アーティストとアルチザン
芸術家と職人。
アーティストとアルチザン。
ものづくりをする人と話していて、
話題がそこに行くことがある。
デザインをする人の仕事場にお邪魔して、お茶などごちそうに
なっていたら、「用の美」の話になった。
彼は芸術家であって職人ではないが、過去のある時点で
ひとりよがりになってはいけない、職人のように無心に、
実用性のあるもの、求められ、喜ばせるものをつくりたい、
という気持ちが芽生えたのだという。
職人のような芸術家がいれば、芸術家のような職人もいる。
パン職人のなかにも、たまにアーティスティックな要素を
持ち合わせる人がいて、伝わりやすい、魅せる力を感じる。
話をして、楽しい。それは、悪くない。
素材や食感が、形や色が、香りや味がことさら特別でない
パンのおいしさを伝えたい、と先日書いたが、それは
職人の仕事のことだった。
かつて、
作者の銘の入った高価な美術品ではなく、
無名の職人が手がけた伝統の仕事に光をあてた
柳宗悦という人がいた。

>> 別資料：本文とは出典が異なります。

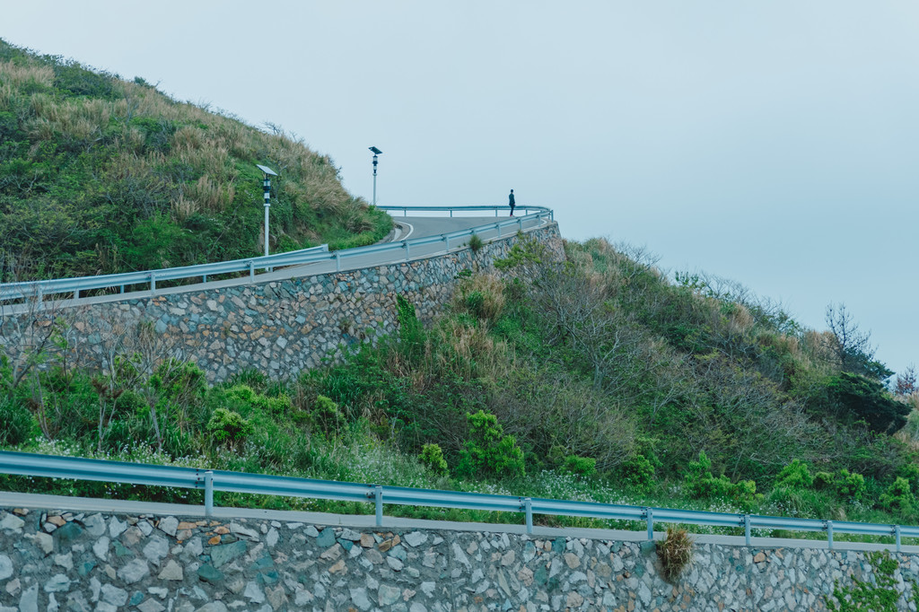 【拍照建议】:利用环岛公路的弯道,拍出延伸感。坐在路堤上,从正面、侧面拍。但是来往的车辆很多,一定要注意安全。
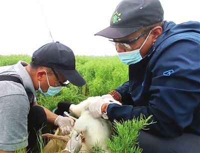 天津师范大学教授赵大鹏(左)和天津野生动物驯养繁殖中心工作人员刘洋(右)为东方白鹳雏鸟加装GPS定位系统。

素晴らしいと思う。
日々繰り返し、その手でつくられていく日常品を、
良いものをつくるのに、多くを語らない職人のことを、
どのような言葉で伝えよう。
無理にではなく、無色透明の媒体となれたら、と思う。
柳宗悦を目指せるわけもないが、パンの仕事に関わる前から
いつも、課題は心のなかにある。